Roughly 20% of participants were current smokers (18.5%), while more than half of those who had ever smoked had quit (52.5%). The trend for smoking cessation by country income status was significant, where those in higher-income countries were more likely to quit smoking than those in lower-income countries (P<0.001).

Post-cardiovascular incident high levels of physical activity were common to around one-third of participants (35.1%), though differences between countries were not significant, they wrote.

Nearly 40% of participants reported eating a healthy diet (39%), though prevalence varied by country average income. Participants from low-income countries were less likely (25.8%) than countries of higher income levels to eat a healthy diet.

By combination of healthy behavior, 42.7% of participants adopted at least one healthy behavior after coronary heart disease or stroke incidence, while 30.6% adopted two behaviors, and 4.3% followed all healthy guidelines.

“Participants were more likely to have two or more healthy lifestyle behaviors if they were from high-income countries (odds ratio 2.61, 95% CI 2.11 to 3.22), upper-middle-income countries (OR 1.42, 95% CI 1.18 to 1.70), and lower-middle-income countries (OR 2.70, 95% CI 2.33 to 3.13),” versus low-income countries, they wrote.

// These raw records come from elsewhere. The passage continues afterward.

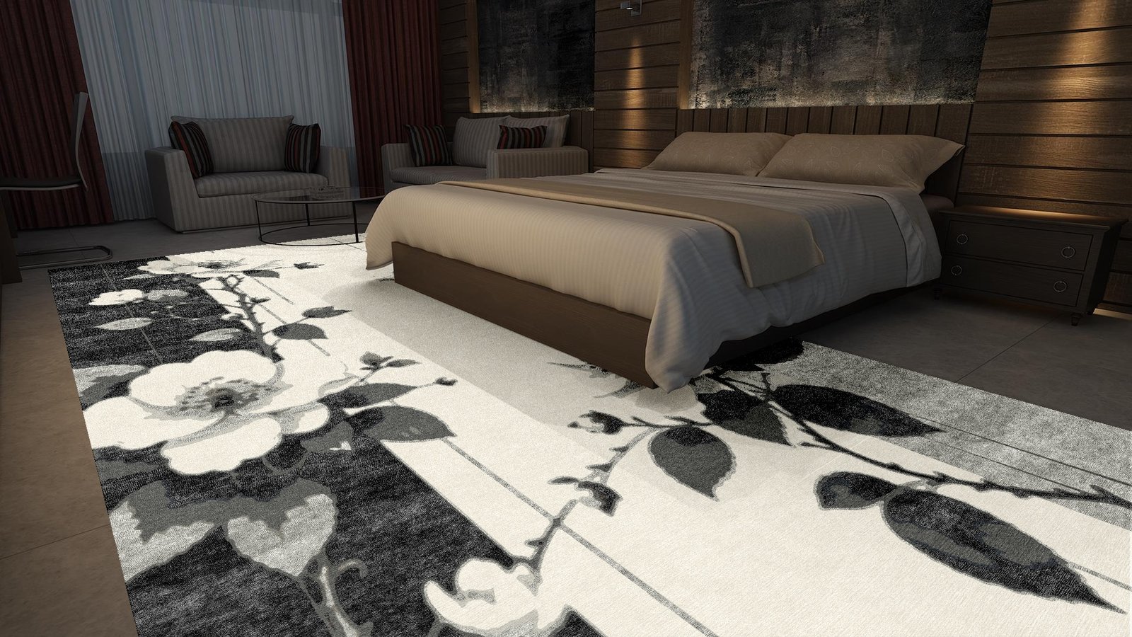 Midnight Bloom is a poetic expression of elegance, hand-knotted in a luxurious blend of fine New Zealand wool and botanical silk. This monochrome masterpiece features delicate floral vines gracefully climbing across a canvas of soft ivory and shadowy charcoal, reminiscent of blossoms unfolding under moonlight. The wool offers a rich, velvety foundation, while the silk threads add subtle luster, illuminating each petal and leaf with refined depth. Timeless and tranquil, Midnight Bloom brings a sense of calm sophistication to both modern and classic interiors.
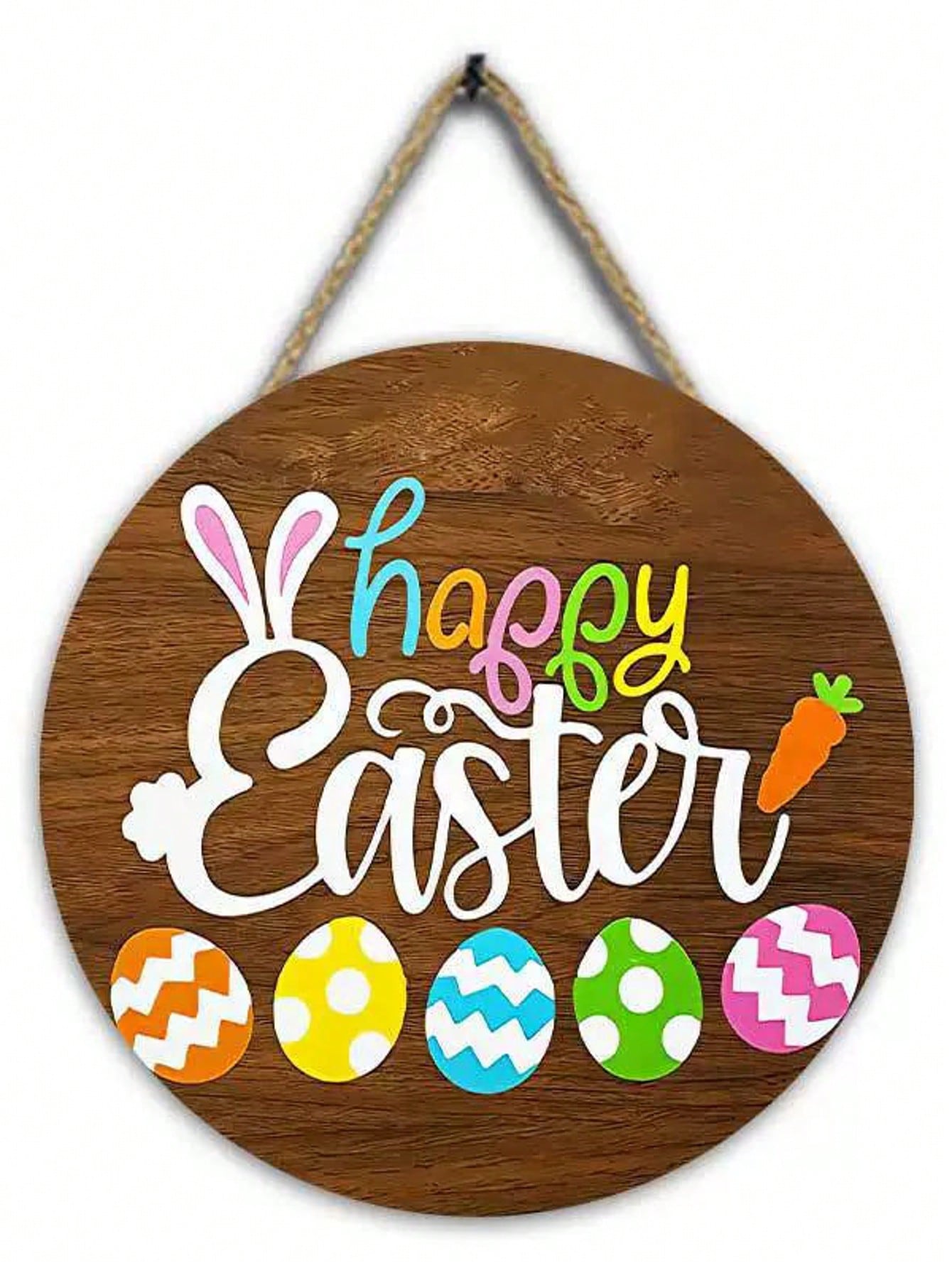Easter Bunny egg party decorations, wooden circular signs, festive atmosphere doorplates
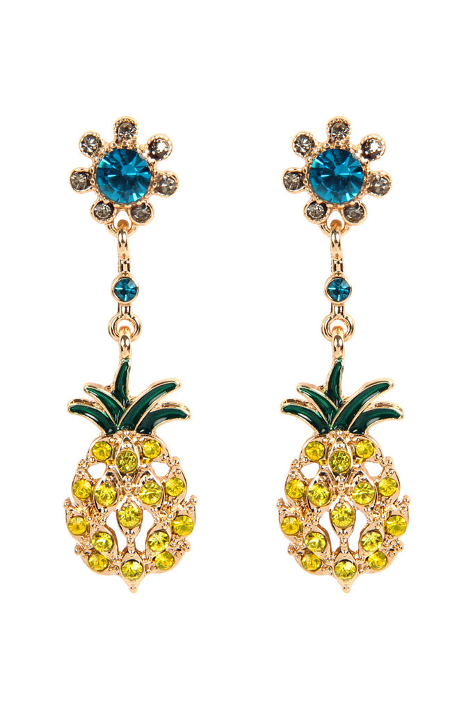 Add a touch of glam to your outfit with our Pineapple Rhinestone Dangle Earrings. The sparkling rhinestones and playful pineapple design make for a fun and stylish accessory. Perfect for any occasion, these earrings are sure to make a statement.
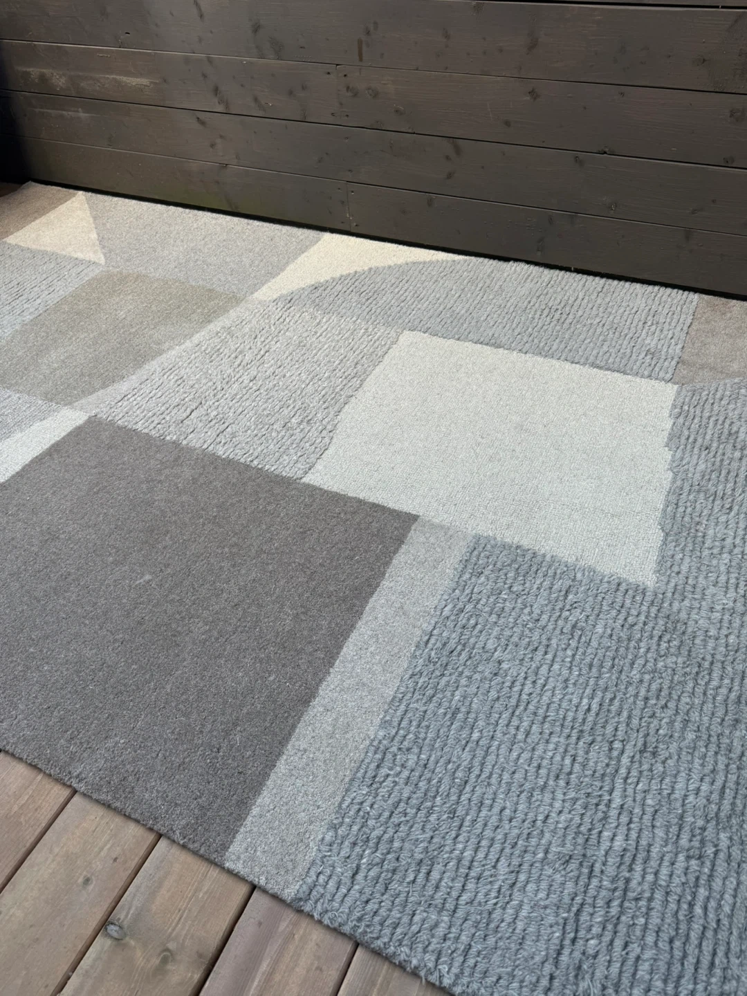 A stylish contemporary area rug featuring a Modern Geometric pattern in shades of grey. It's in great condition and would look lovely in any living room or bedroom. Measures 60” wide X 96” long (5’x8’)
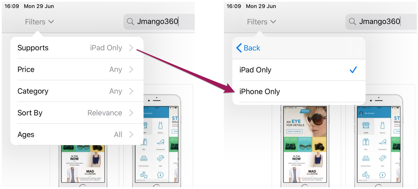 Step 3: At the top left of the screen, tap Filters > Supports > iPhone Only.
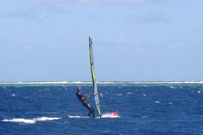 The Storm that will Never be Forgotten We returned to the boat to hear rumours of upcoming bad weather. We downloaded weather charts on email and studied them. After much discussion, the general consensus was that everyone let out more anchor chain, put on additional snubbers and prepare for the worst. Sure enough, 2:30 am all hell broke loose. Winds suddenly tore through the anchorage building to over 60 knots! That was winds blowing between 90-120 km (close to hurricane force). Everyone rushed up on deck in the black night, with rain pouring down and the wind howling so loud you could hardly hear the frantic calls on the radio from boats throughout the overcrowded anchorage. We could see shadowy silhouettes and anchor lights everywhere, some tacking by at an alarming speed as their holding broke loose and they dragged their anchors, sometimes narrowly missing boats, but unfortunately sometimes colliding with boats around them. We had our engine powered into our anchor to relieve the pressure and all we could think about was that we don't have insurance!!! Bordering the anchorage is a reef on one side and the shore on the other and everyone was praying that they wouldn't end up in either place. We saw the silhouette of our really good friends from Stardust flying backwards toward the shore at warp speed out of control. A boat called Sea Bride dragged into them, T-boning their boat and running over their anchor, pulling it out of the ground. Stardust lost their holding, out of control, hitting a French boat causing their dinghy to break loose, then continued right over the reef narrowly missing some pilings and ending up in only 8 feet of water. They were sure they were going to lose the boat (their had their survival gear on) when suddenly the anchor caught a big 55 gallon steel drum buried in the sand and the boat stopped. Sowelu right beside us, started to drag before ending up only a few feet in front of the reef, where his anchor luckily dug in and stopped him. Suddenly Sea Bride was calling a May Day! The boat had hit the reef and they were pleading for help. But everyone was much too busy to do anything. It is a helpless feeling when you can't offer any assistance. Luckily after about an hour, they managed to get off the reef and out into the middle of the channel to ride out the gale, their boat relatively undamaged. By mid morning the winds subsided to 25 knots and we felt like it was like a walk in the park (funny how your perspective changes). Now the radio was alive with reports of missing dinghies, motors, sail covers, kayaks and various boat parts. Everyone was assessing their damage, lots of punctured dinghies and broken stanchions. Stardust took the biggest hit. Their boat sustained a lot of damage and they don't have insurance either. The wind diminished for about an hour and everyone was trying to get some sleep after being up all night. But 30 knots squalls continued to pass through. We were all waiting for the back of the front to move through and everyone was setting additional anchors and reinforcing snubbers. The following day we were hit with gusts to 40 knots but everyone was much more prepared and there were no incidents. We were soon to learn that these strong southeast winds consistently march through the narrows formed by Tahiti and neighbouring Moorea and happen with such a regularity that they have been given a name - "Maraamu." Maraamus can pack a force well in excess of 25 knots and last 2 or 3 days. They seem to have a weekly cycle which soon made us all realize that Tahiti does not have very friendly weather patterns at all.
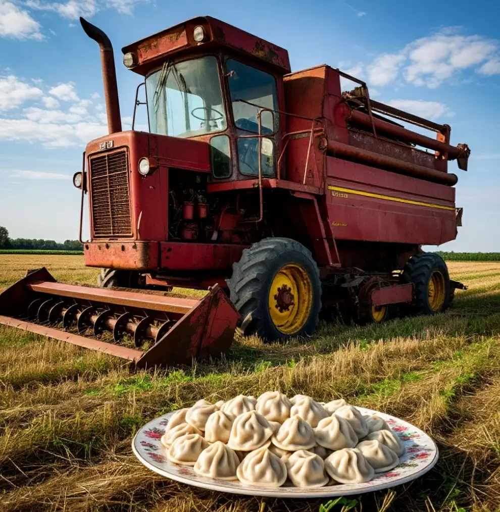 В сонном и солнечном утром, дядя Коля — комбайнёр с тридцатилетним стажем и крепким здоровьем, решил, что плотный завтрак не помешает перед долгим рабочим днем. Его жена, предусмотрительно надевшая на варку целый таз пельменей, была готова к любому повороту событий.
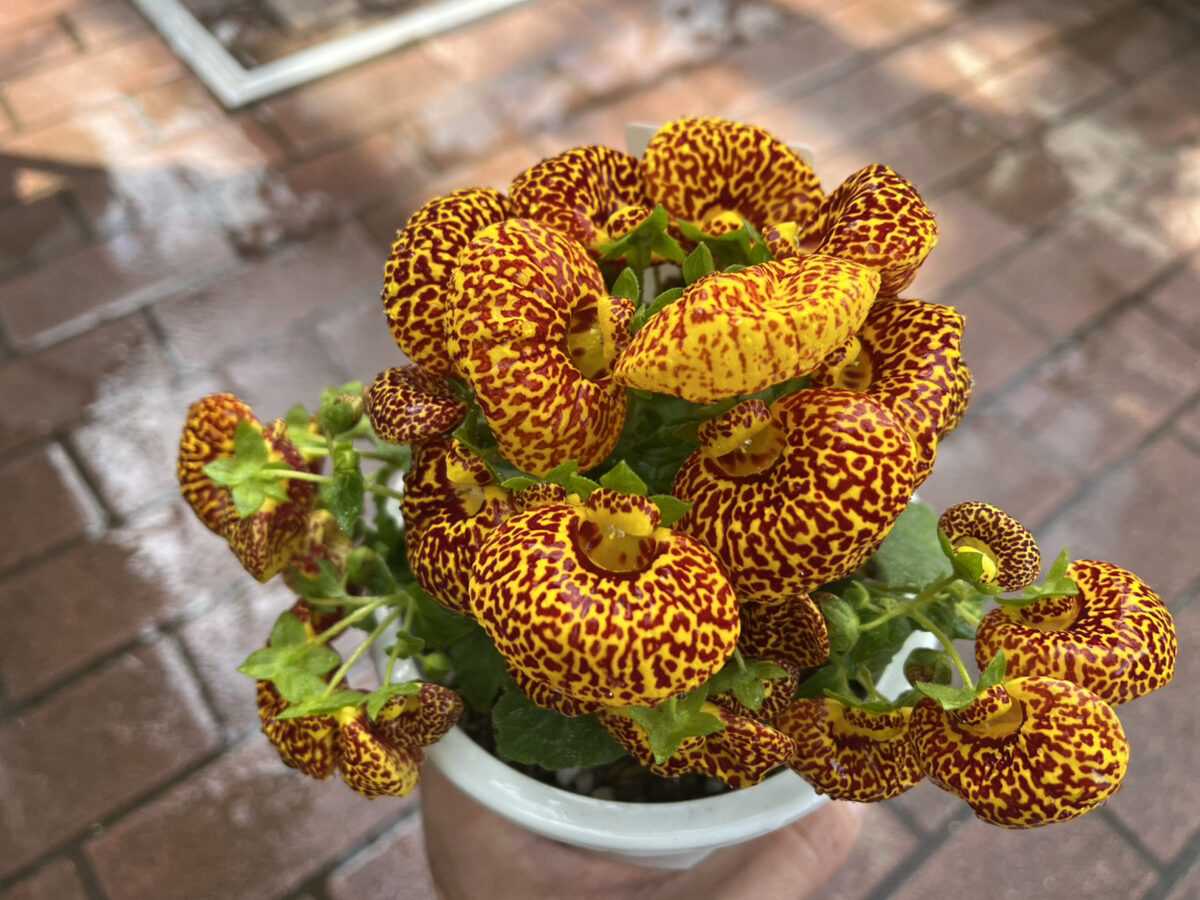 ▲カルセオラリア 南米原産のキンチャクソウ科の多年草。ぷっくりと膨らんだ巾着のような見た目が特徴です。種類も様々で、自生地や受粉してほしい昆虫によって模様も変化すると言われています。毒々しいこの見た目は、受粉してもらう昆虫に早く見つけてもらうための戦略なのかもしれませんね
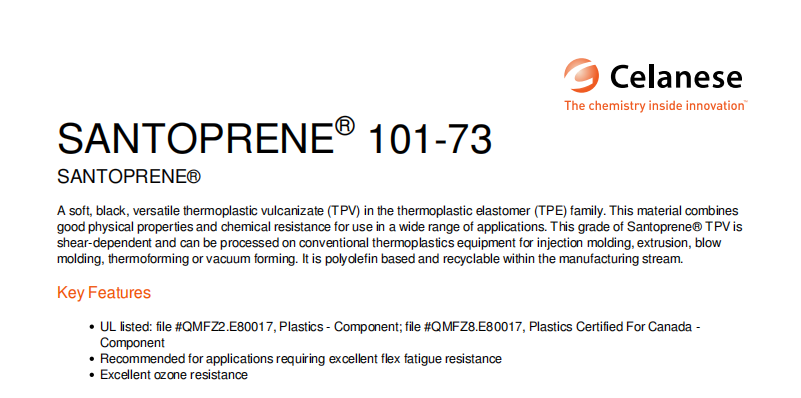 SANTOPRENE™ 101-73 by Celanese is a chemical resistant polyolefin-based thermoplastic vulcanizate (TPV) grade. Provides softness and good physical properties. Exhibits excellent ozone and chemical resistance. It is recyclable within the manufacturing stream and shear-dependent. Suitable for processing by coextrusion, vacuum forming, thermoforming, blow-, injection-, multi injection molding, blow-, profile- and sheet extrusion. Recommended for applications requiring excellent flex fatigue resistance. Used in appliance components, automotive applications like air induction system ducts, boots and bellows for steering and suspension, plugs, bumpers, grommets, clips, seals file #QMFZ8.E80017, Plastics Certified for Canada-Component.
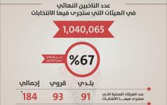 قالت لجنة الانتخابات المركزية، اليوم الثلاثاء، إن عدد الناخبين النهائي في الهيئات التي ستجرى فيها الانتخابات المحلية يوم 25 نيسان بلغ مليونا و40 ألف ناخب وناخبة، وهو ما يشكل نسبة 67% من إجمالي سجل الناخبين.
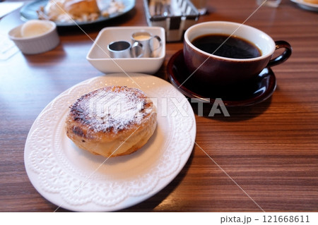 カフェのテーブルに並べられた変わった形のフレンチトーストとコーヒー

The authors also noted that “lifestyle modifications to reduce the risk of recurrent cardiovascular disease events are as essential as using proven secondary prevention medications,” and that their findings require the “development of simple, effective, and low-cost strategies for secondary prevention that are acceptable worldwide.”

The cross-sectional study was limited by snapshot collection of health behaviors and did not determine if those habits persisted from before disease incidence.

The study was funded by the Mary W. Burke endowed chair of the Heart and Stroke Foundation of Ontario, the National Heart and Medical Research Council of Australia, the National Heart Foundation of Australia, the Sydney Medical Foundation, the Canadian Institutes of Health Research, the Heart and Stroke Foundation of Ontario, AstraZeneca, Novartis, sanofi-aventis, Boehringer Ingelheim, Servier, King Pharma, GlaxoSmithKline, and by contributions from various national or local organizations.

Some study authors received support from the Population Health Research Institute, Boehringer Ingelheim, Merck, the Polish Ministry of Science and Higher Education, the Population Health Research Institute, Pfizer, Novartis, AstraZeneca, sanofi-aventis, AstraZeneca, Bayer, Abdi Ibrahim, and the Universidad de La Frontera.